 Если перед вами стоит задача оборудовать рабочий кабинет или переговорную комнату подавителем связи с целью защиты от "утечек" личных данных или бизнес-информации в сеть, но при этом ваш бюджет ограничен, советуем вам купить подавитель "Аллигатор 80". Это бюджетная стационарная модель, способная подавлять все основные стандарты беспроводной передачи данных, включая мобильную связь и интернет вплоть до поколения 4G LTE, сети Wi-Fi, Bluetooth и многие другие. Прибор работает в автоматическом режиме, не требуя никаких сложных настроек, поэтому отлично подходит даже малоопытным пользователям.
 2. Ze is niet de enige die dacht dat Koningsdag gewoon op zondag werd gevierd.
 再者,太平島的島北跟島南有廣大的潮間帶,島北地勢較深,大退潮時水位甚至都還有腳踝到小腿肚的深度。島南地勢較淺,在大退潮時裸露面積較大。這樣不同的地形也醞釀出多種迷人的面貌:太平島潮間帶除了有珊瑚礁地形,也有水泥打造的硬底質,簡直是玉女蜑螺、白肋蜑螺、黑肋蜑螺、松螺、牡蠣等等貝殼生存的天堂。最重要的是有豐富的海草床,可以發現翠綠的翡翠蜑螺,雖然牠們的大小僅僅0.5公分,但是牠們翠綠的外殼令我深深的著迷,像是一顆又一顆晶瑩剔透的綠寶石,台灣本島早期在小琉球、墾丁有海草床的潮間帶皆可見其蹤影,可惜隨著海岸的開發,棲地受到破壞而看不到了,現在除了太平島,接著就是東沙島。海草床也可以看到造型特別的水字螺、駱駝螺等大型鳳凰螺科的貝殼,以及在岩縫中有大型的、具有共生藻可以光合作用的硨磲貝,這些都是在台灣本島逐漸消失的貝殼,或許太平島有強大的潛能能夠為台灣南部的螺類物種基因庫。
==
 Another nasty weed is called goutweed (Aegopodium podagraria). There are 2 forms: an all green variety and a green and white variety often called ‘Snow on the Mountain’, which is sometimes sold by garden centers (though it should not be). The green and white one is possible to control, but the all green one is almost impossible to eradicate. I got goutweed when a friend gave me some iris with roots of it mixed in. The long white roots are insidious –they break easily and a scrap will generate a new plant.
---
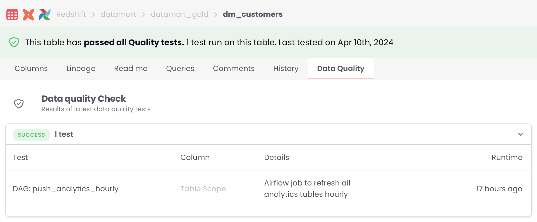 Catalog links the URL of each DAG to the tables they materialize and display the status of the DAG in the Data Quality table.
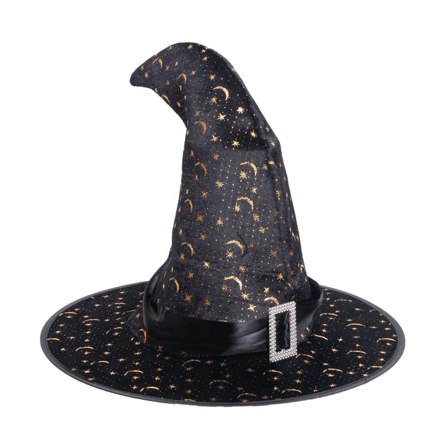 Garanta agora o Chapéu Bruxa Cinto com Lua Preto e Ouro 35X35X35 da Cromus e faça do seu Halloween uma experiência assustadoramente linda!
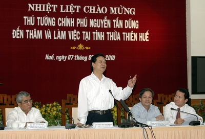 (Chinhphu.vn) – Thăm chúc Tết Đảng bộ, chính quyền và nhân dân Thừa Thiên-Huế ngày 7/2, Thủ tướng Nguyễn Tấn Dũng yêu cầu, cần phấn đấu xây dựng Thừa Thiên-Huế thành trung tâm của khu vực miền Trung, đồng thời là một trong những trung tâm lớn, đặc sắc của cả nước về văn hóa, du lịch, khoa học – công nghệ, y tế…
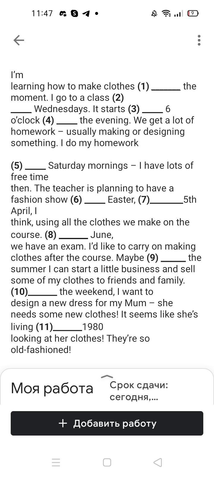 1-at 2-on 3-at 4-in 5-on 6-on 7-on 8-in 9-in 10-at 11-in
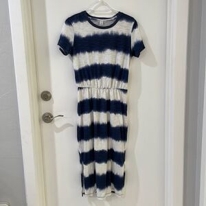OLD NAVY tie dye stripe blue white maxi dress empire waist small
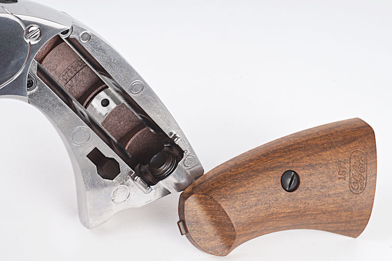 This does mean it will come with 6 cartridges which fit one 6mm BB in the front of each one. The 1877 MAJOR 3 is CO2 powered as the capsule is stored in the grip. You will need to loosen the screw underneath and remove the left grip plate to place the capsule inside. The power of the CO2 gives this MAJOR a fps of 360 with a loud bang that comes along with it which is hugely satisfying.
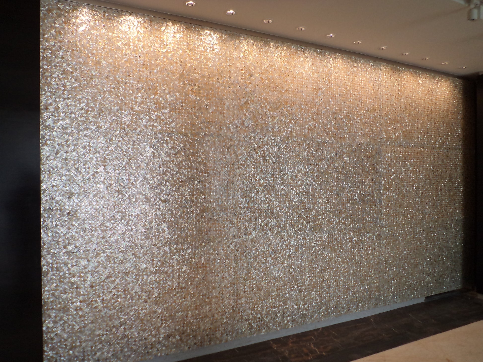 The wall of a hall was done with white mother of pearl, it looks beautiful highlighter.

## Exercise
Leaving out the pictures, please output the lines in the entries above from the one with "(Chinhphu.vn) – Thăm" through the one with "OLD NAVY tie", exactly as they are.

## Finished exercise
 (Chinhphu.vn) – Thăm chúc Tết Đảng bộ, chính quyền và nhân dân Thừa Thiên-Huế ngày 7/2, Thủ tướng Nguyễn Tấn Dũng yêu cầu, cần phấn đấu xây dựng Thừa Thiên-Huế thành trung tâm của khu vực miền Trung, đồng thời là một trong những trung tâm lớn, đặc sắc của cả nước về văn hóa, du lịch, khoa học – công nghệ, y tế…
 1-at 2-on 3-at 4-in 5-on 6-on 7-on 8-in 9-in 10-at 11-in
OLD NAVY tie dye stripe blue white maxi dress empire waist small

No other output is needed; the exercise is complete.